_REQUIRED WORK_. Restate the listing word for word. Stop at the line that holds "金秋十月,新疆生產(chǎn", include it, and leave out all pictures.

_SOURCE INFORMATION_.
========================

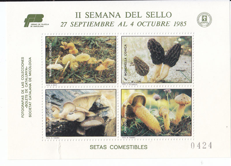 No se si esta viñeta de setas del gremio de filatelia de Barcelona puede serviros para la catalogación...
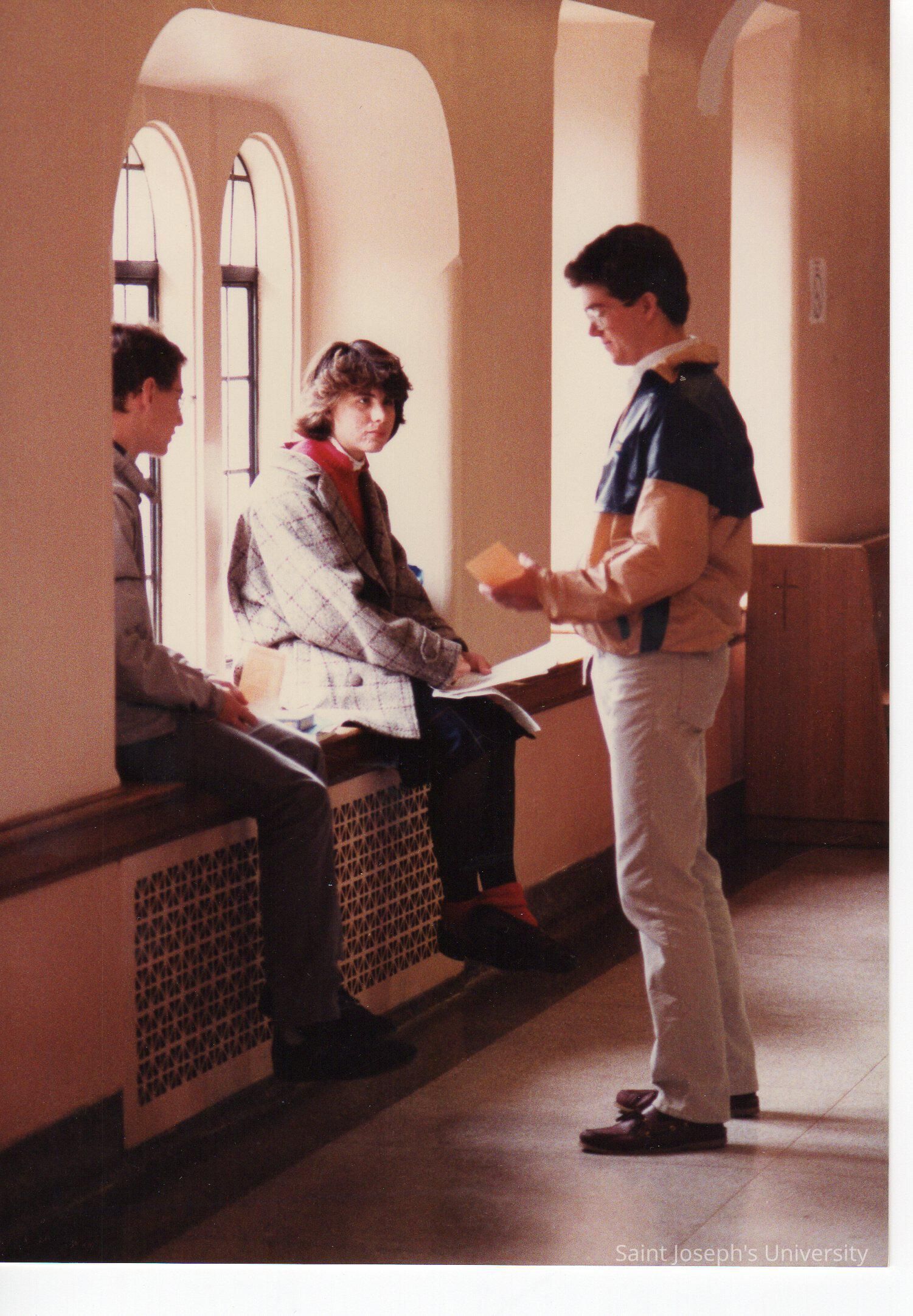 Interior view of students sitting in window alcove in hallway in Barbelin building.
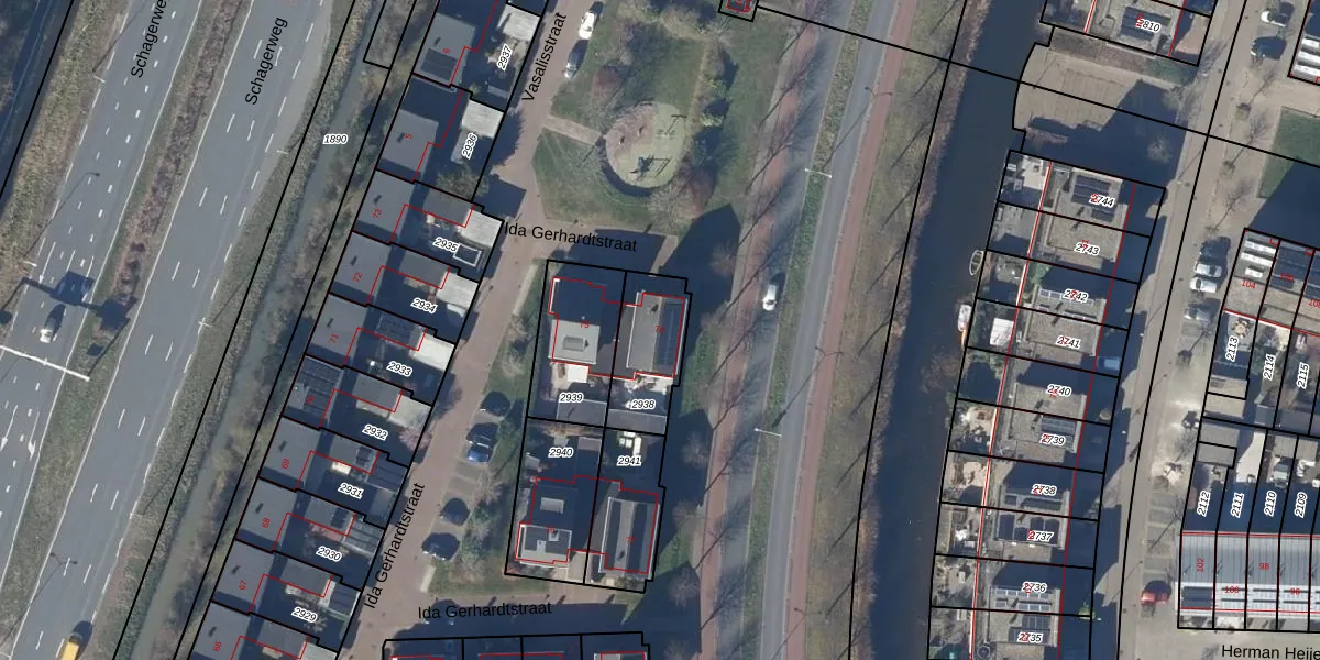 Gebruik de zoekbalk of klik op een perceel voor informatie over de adressen binnen dit perceel.
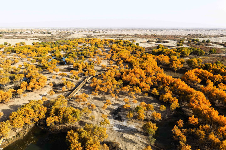 金秋十月,新疆生產(chǎn)建設(shè)兵團(tuán)白沙湖景區(qū)層林盡染,吸引了不少游客?!拔覀円褜W(xué)習(xí)好貫徹好全會(huì)精神作為重大政治任務(wù),落實(shí)好習(xí)近平總書(shū)記關(guān)于‘全體人民共同富裕邁出堅(jiān)實(shí)步伐’的部署和要求,深挖‘種地就是站崗,放牧就是巡邏’的兵團(tuán)紅色文化,帶領(lǐng)大家奔向共同富裕?!毙陆a(chǎn)建設(shè)兵團(tuán)第十師一八五團(tuán)黨委副書(shū)記周小斌說(shuō)。
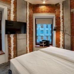 При входе в гостиницу вас встречает запах еды. На этаже с гостиницей находится бар. Если вы берете номер без окна, дважды подумайте, т.к. он соседствует с ночным клубом, который работает до 5 утра. Поспать у вас, врятли, получится. Мы решили переселиться в номер с окном. Сам номер, в целом, неплохой, есть сейф, двуспальная кровать с хорошим матрасом. Хочу отметить, что вентиляция в номере была очень мощной. Серьезно, прям, мощной, настолько, что нос мёрзнет пока пытаешься уснуть. Хочется отметить хороший, добрый и отзывчивый персонал гостиницы. Они правда стараются сделать пребывание максимально комфортным. Итог: в целом, переночевать пойдёт, но придется поступиться комфортом. Местоположение очень удобное, 5 мин до метро ‘Театральная’.
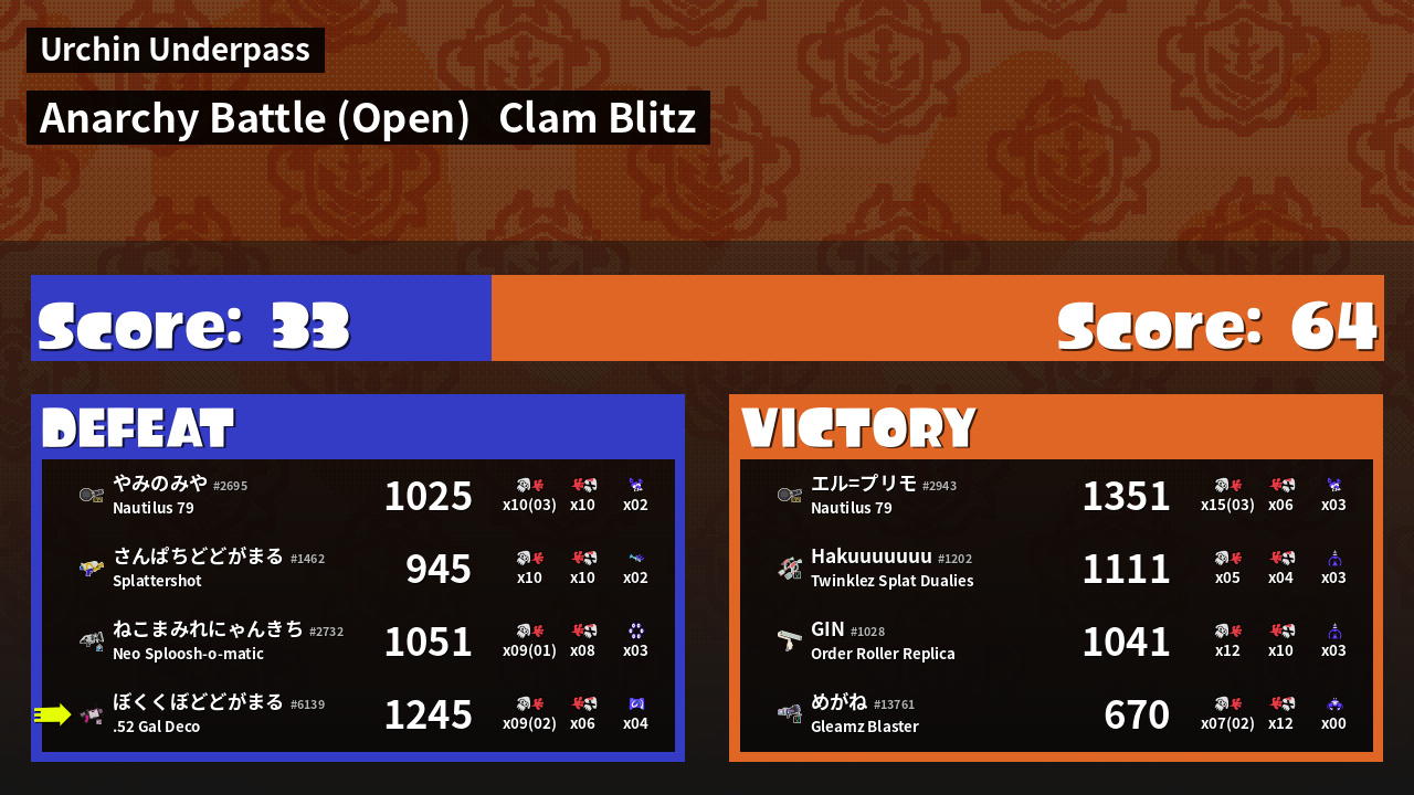 | Weapon | .52 Gal Deco ( Curling Bomb / Splattercolor Screen) |
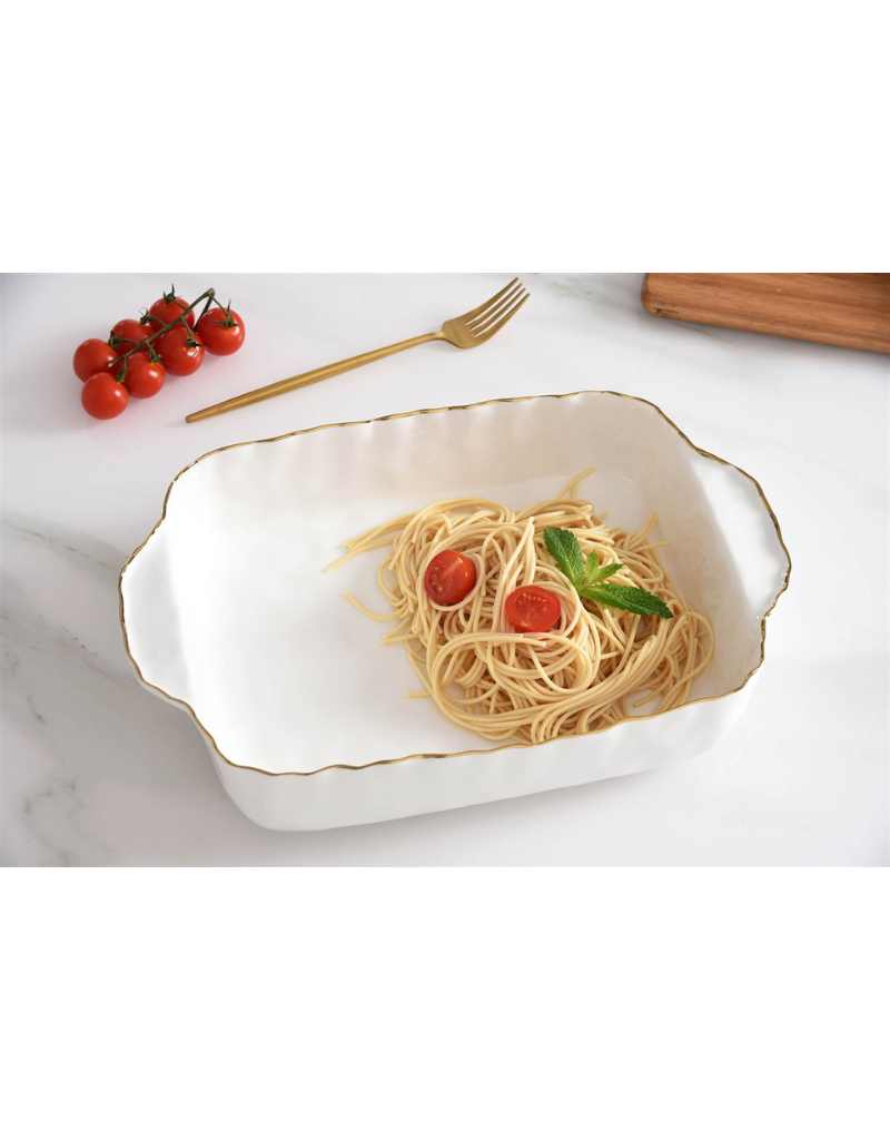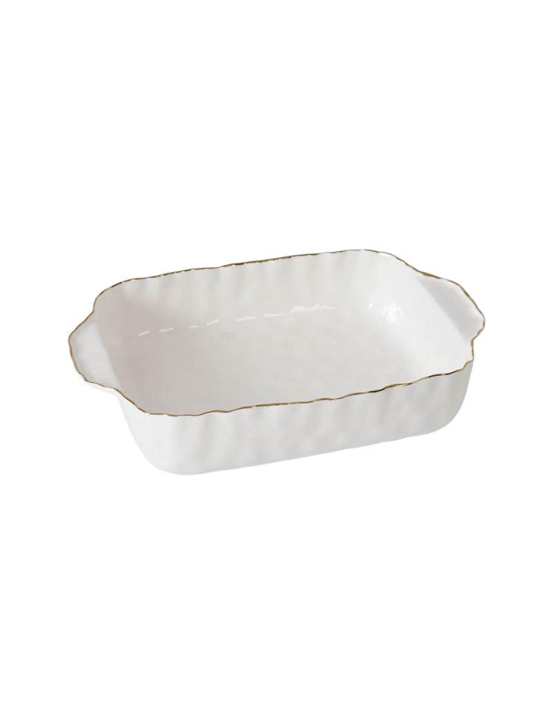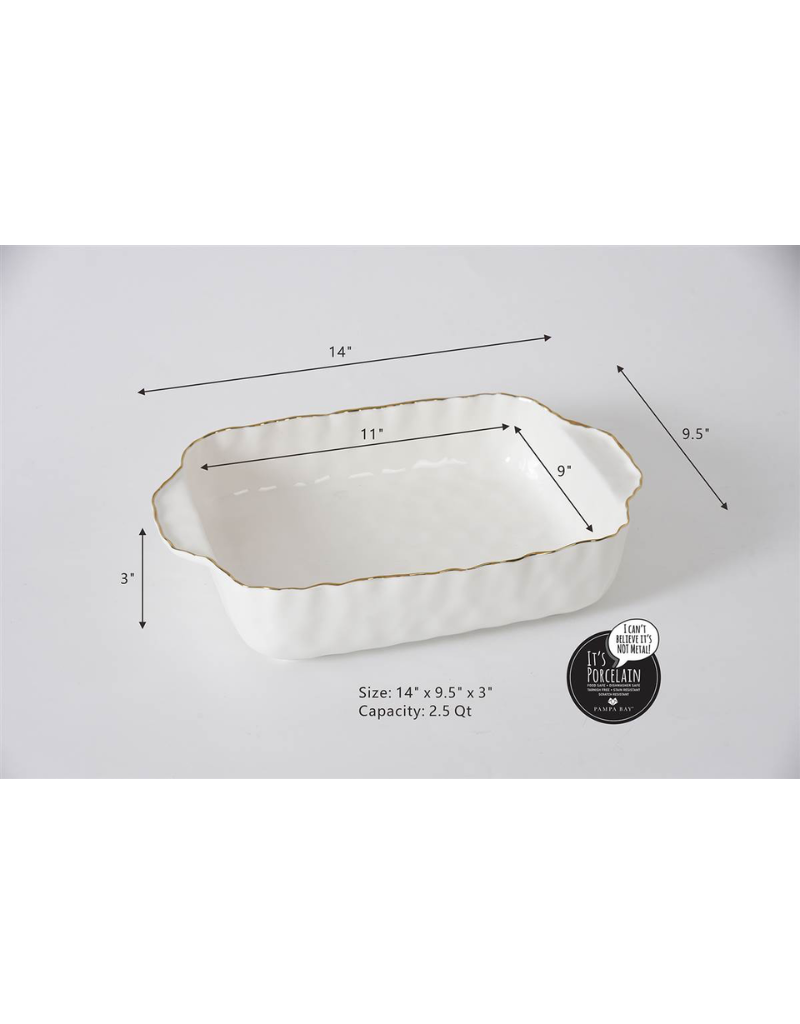 Elevate your culinary presentation with this elegant rectangular baking dish, crafted from pristine white porcelain accented by a delicate gold trim. Its generous 2.5-quart capacity is perfect for family-sized casseroles, lasagnas, roasted vegetables, and desserts. Designed with sturdy handles for a secure grip, it transitions effortlessly from oven to table. Safe for use up to 500°F, dishwasher friendly, and tarnish free, this baking dish combines timeless style with practical durability for refined everyday cooking.

========================

_EXERCISE RESPONSE_.
 No se si esta viñeta de setas del gremio de filatelia de Barcelona puede serviros para la catalogación...
 Interior view of students sitting in window alcove in hallway in Barbelin building.
 Gebruik de zoekbalk of klik op een perceel voor informatie over de adressen binnen dit perceel.
 金秋十月,新疆生產(chǎn)建設(shè)兵團(tuán)白沙湖景區(qū)層林盡染,吸引了不少游客?!拔覀円褜W(xué)習(xí)好貫徹好全會(huì)精神作為重大政治任務(wù),落實(shí)好習(xí)近平總書(shū)記關(guān)于‘全體人民共同富裕邁出堅(jiān)實(shí)步伐’的部署和要求,深挖‘種地就是站崗,放牧就是巡邏’的兵團(tuán)紅色文化,帶領(lǐng)大家奔向共同富裕?!毙陆a(chǎn)建設(shè)兵團(tuán)第十師一八五團(tuán)黨委副書(shū)記周小斌說(shuō)。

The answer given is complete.